Further south, the plane passes over Deir al-Balah, one of the hardest-hit areas in Gaza. There, in the al-Baraka area below, on 22 May, 11-year-old Yaqeen Hammad, known as Gaza's youngest social media influencer, was killed after a series of heavy Israeli airstrikes hit her house while she watered flowers in a tiny patch of greenery eked out of a displacement camp.
Pallets parachute down after being dropped from a military plane over Nuseirat.
A couple of kilometres further, the aircraft flies near Khan Younis, besieged for months by Israeli forces amid fierce fighting in and around its hospitals. Somewhere in the northern suburbs are the remains of the home of Dr Alaa al-Najjar, a Palestinian paediatrician who worked at al-Tahrir hospital, part of the Nasser medical complex. Her house was bombed in May while she was on shift. Her husband and nine of her 10 children were killed in the attack.
From the skies, it is striking just how small Gaza is – a sliver of land that has become the stage for one of the world's bloodiest conflicts. The territory is more than four times smaller than Greater London. In this tiny corner of the Middle East, more than 60,000 people are estimated to have been killed in Israeli strikes. According to health authorities, hundreds more remain buried under the rubble.
A few hundred metres beneath us, the Guardian reporter Malak A Tantesh, a journalist and a survivor, works on one of her dispatches. Most of her fellow Guardian reporters, editors and other colleagues are yet to meet Tantesh, due to the Israeli blockade that makes it impossible for Gaza's people to leave.
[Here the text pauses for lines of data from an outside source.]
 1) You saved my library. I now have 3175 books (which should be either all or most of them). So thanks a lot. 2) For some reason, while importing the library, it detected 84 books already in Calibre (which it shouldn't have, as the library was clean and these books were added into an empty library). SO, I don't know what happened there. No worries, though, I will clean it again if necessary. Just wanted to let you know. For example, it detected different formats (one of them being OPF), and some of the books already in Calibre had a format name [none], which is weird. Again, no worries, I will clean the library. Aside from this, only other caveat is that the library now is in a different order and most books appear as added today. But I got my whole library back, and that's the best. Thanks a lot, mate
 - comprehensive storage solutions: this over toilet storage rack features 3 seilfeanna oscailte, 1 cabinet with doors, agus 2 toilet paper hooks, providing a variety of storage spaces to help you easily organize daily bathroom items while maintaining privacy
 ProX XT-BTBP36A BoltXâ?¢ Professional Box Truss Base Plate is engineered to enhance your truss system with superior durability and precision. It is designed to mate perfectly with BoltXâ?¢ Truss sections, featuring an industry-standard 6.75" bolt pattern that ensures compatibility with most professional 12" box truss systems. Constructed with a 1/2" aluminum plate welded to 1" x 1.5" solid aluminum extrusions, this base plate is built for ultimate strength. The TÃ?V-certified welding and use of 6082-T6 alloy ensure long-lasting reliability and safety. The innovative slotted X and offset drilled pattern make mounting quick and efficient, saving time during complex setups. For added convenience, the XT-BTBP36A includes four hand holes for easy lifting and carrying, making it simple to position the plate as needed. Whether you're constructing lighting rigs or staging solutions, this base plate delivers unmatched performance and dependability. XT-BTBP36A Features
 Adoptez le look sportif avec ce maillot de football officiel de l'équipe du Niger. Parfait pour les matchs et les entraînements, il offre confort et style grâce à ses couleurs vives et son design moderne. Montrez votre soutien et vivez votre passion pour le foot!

She has been displaced multiple times, lives without reliable access to food or water, and has lost relatives, friends and her home in the fighting. It is a strange and haunting feeling to receive a message from her as the Jordanian aircraft flies above her.
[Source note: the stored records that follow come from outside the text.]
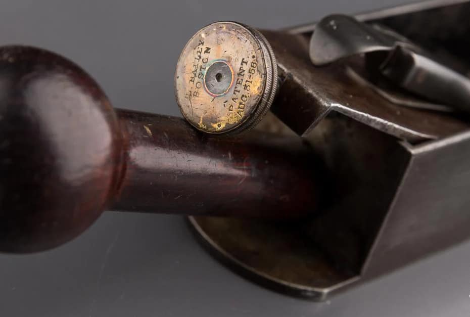 Bailey’s 1858 and 1867 Patents etched on lever cap of a No 9, version 4, with horizontal adjustment knob (1870s). Photo from
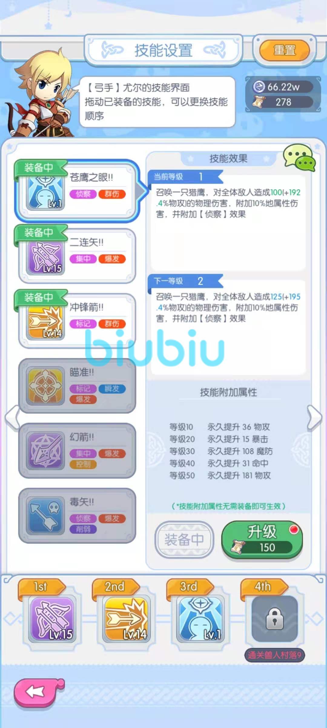 弓箭的技能有苍鹰之眼,二连矢,冲锋箭,瞄准,幻箭和毒矢等六个,其中苍鹰之眼是可以召唤出一只猎鹰来造成敌方群体伤害,并且附加地属性伤害,还有侦查效果。侦查效果对于弓箭来说是非常重要的,能够降低标记目标的闪避和韧性,使得弓箭的后续伤害变得更高。所以这个技能是一定要加满的。
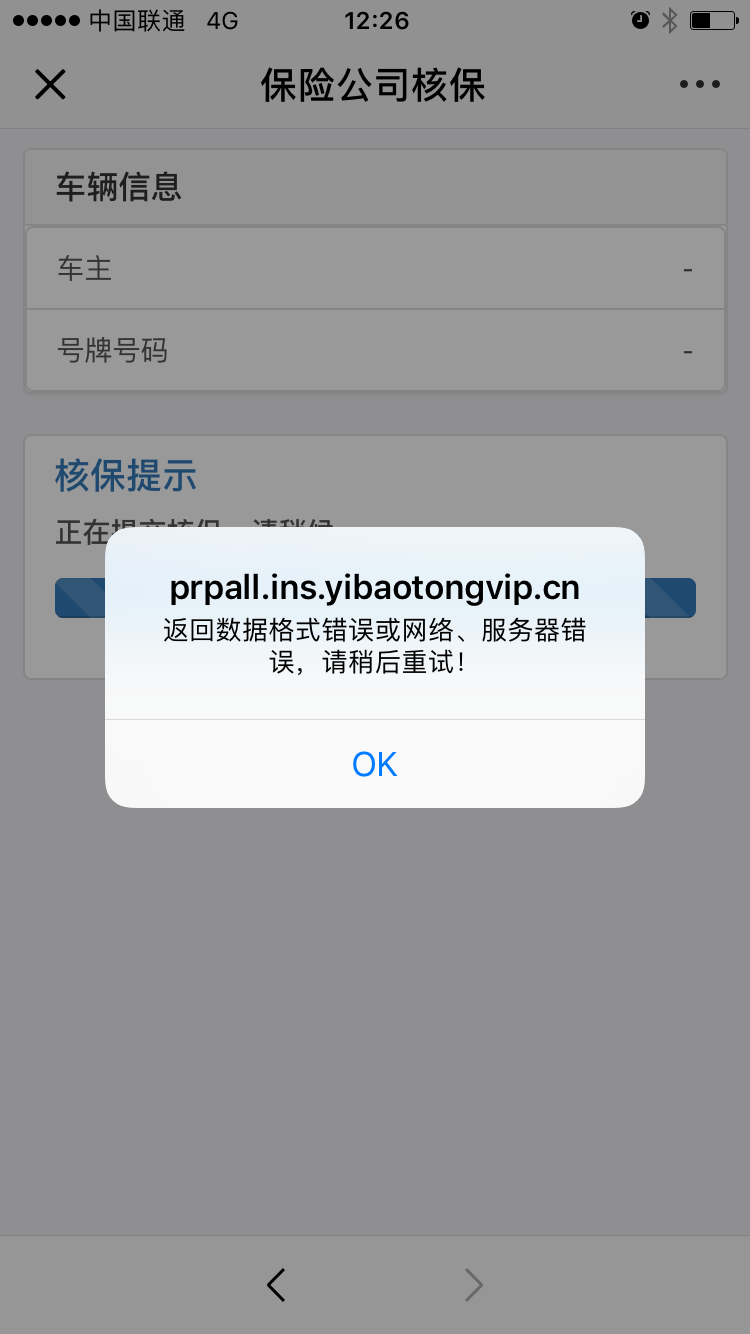 【韩永昌】太保提核时在提核页面系统显示“返回数据格式错误或网络、服务器错误,请稍后重试”

As our aircraft turns back toward Jordan, a soldier onboard points toward the hazy horizon to the south. 'That's Rafah down there,' he says.
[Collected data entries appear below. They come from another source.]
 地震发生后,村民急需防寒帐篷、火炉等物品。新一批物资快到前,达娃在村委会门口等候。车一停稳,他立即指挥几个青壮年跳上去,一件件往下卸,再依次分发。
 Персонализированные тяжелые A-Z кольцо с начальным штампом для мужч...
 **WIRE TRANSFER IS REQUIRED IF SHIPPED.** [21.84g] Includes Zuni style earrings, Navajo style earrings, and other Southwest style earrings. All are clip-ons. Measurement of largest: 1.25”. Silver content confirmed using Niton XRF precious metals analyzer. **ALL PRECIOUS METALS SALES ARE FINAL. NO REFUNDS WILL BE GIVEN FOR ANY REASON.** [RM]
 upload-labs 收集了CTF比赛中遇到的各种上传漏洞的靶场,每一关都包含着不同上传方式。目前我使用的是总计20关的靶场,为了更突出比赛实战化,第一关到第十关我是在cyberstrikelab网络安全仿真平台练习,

Gaza's southernmost area, Rafah is a region now largely destroyed, where hundreds have died in the scramble for food since the Israeli- and US-backed Gaza Humanitarian Foundation took over food deliveries in May. Just a few kilometres to the east, amid crater-pocked hills, lies the site where, on 23 March, an Israeli military unit struck a convoy of Palestinian emergency vehicles, killing 15 medics and rescue workers who were later buried in a mass grave.
After touching down at Jordan's King Abdullah II airbase in Ghabawi, the same question seems to linger among the handful of reporters who boarded the flight: when will we see Gaza again?
And after seeing this desert of shattered stones and graves, what more can be destroyed when so much has already been lost?
Palestinians rush to collect humanitarian aid airdropped by the United Arab Emirates into Deir al-Balah.